Materials and methods
This study was conducted as a pot experiment in factorial based on completely randomized design with three factors and three replications in the Rice Research Institute of Iran (RRII), Rasht, Iran. The experimental factors included irrigation water salinity in four levels as the first factor, 2, 4, 6, and 8 dS/m, application time of salinity stress in four levels as the second factor, tillering, panicle formation, heading and maturity growth stages, and rice variety in two levels as the third factor, the hybrid variety of Bahar and the improved variety of Dorfak. Moreover, irrigation with normal water with a salinity of 0.4 dS/m was also considered as a control treatment for comparison with the other salinity treatments. A mix of NaCl+CaCl2 salts in a ratio of 2:1 were used to apply salinity treatments. After the end of each growth stage, leaching was carried out and irrigation with normal water was continued until the end of the growth stage. At the end of the growth and harvesting grains, grain yield based on 14% moisture, biological yield and harvest index were measured. SPSS software was used for statistical analysis and Tukey's test was used to comparison of means at 1% probability level.
                                                                                                                          Research findings
The results of analysis of variance indicated that the effect of different salinity levels and its application stage on grain yield of both rice varieties was significant at 1% probability level. The results of comparison of means revealed that the improved variety Doefak showed more salinity tolerance and produced more grain yield at different salinity levels compared to the hybrid variety Bahar. The most sensitive and resistant growth stages to salinity stress were tillering (with an average grain yield of 6.82 g/pot for the hybrid variety Bahar and 8.07 g/pot for the improved variety Dorfak) and maturity (with an average grain yield of 14.71 g/pot for the hybrid variety Bahar and 15.90 g/pot for the improved variety Dorfak) stages, respectively. The lowest biological yield (14.37 g/pot) and harvest index (2.53%) in the improved variety Dorfak was obtained at the tillering stage and the salinity level of 8 dS/m. Also, the lowest biological yield (12.89 g/pot) and harvest index (4.61) in the hybrid variety Bahar was observed at the salinity level of 8 dS/m and at the heading and panicle formation stages, respectively. Modeling the effect of different salinity levels on grain yield indicated that yield variations in different salinity levels and at the different growth stages followed a quadratic equation.
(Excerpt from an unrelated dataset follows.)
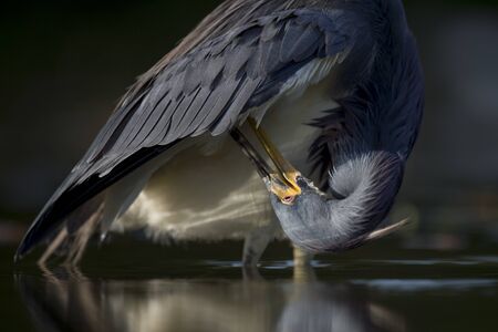 A Tricolored Heron preening its feathers while standing in shallow water in the early morning sunlight.

Coefficients of determination of the regression equations of grain yield in different salinity levels for the improved variety Dorfak at the tillering (R2=0.99), panicle formation (R2=0.99), heading (R2=0.95) and maturity (R2=0.98) stages, and also for the hybrid variety Bahar at the tillering (R2=0.99), panicle formation (R2=0.99), heading (R2=0.99) and maturity (R2=0.99) stages, revealed that the application time of salinity stress is more important than the salinity levels.
Conclusion
Application of different salinity levels caused a significant difference in grain yield of both improved and hybrid varieties, so that a significant decrease was observed in grain yield of both Dorfak and Bahar varieties with the increasing salinity levels, and the lowest grain yield was obtained at the salinity level of 8 dS/m. Application time of salinity stress was also very important and caused a significant difference in reduction of grain yield. The results of this experiment showed that under the water limitation conditions or in the absence of suitable water quality, it is possible to prevent the reduction of rice grain yield by managing irrigation water at different growth stages and using lower quality water in the final and maturity growth stages.

Keywords

Main Subjects

References

Asch, F., Dingkuhn, M. and Dorffling, K. 2000. Salinity increases CO2 assimilation but reduces growth in field-grown irrigated rice. Plant and Soil, 218, pp. 1-10. https://doi.org/10.1023/A:1014953504021.
Biabani, A., Sabouri, H. and Nakhzari, A. 2012. Study of yield components of rice cultivars under salinity stress condition. Journal of Plant Production, 19(4), pp. 173-186. [In Persian]. https://dorl.net/dor/20.1001.1.23222050.1391.19.4.10.2.
Blake, G.R. and Hartge, K.H. 1986. Bulk Density. In: Klute, A. (Ed.). Methods of Soil Analysis: Part I. Physical and Mineralogical Methods. 2nd Edition. American Society of Agronomy, Inc., and Soil Science Society of America, Inc. pp. 363-375. https://doi.org/10.2136/sssabookser5.1.2ed.c13.
Ebrahimi Rad, H., Babazadeh, H., Rezaei, M. and Amiri, E. 2016. Modeling response of Hashemi rice variety to change in salinity levels during the growth stages. Iranian Journal of Irrigation and Drainage, 10(2), pp. 168-176. [In Persian].
Fallah, A., Farahmanfar, E. and Moradi, F. 2015. Effect of salt stress on some morpho-physiological characters of two rice culitivars during different growth stages at greenhouse. Journal of Applied Field Crop Research, 28(107), pp. 175-182. [In Persian]. https://doi.org/10.22092/AJ.2015.105720.
Gee, G.W. and Bauder, J.W. 1986. Particle-Size Analysis. In: Klute, A. (Ed.). Methodes of Soil Analysis: Part 1. Physical and Mineralogical Methods. Second Edition. American Society of Agronomy, Inc., and Soil Science Society of America, Inc. pp. 383-411. https://doi.org/10.2136/sssabookser5.1.2ed.c15.
Gholizadeh, F. 2012. Effects of salt stress in germination stage in rice genotypes (Oryza sativa L.). New Cellular and Molecular Biotechnology Journal, 2(6), pp. 75-81. [In Persian]. https://dorl.net/dor/20.1001.1.22285458.1391.2.6.9.4.
Homaee, M. 2002. Plants Response to Salinity. Iranian National Committee on Irrigation and Drainage (IRNCID). ISBN: 964-6668-37-2. 107 p. [In Persian].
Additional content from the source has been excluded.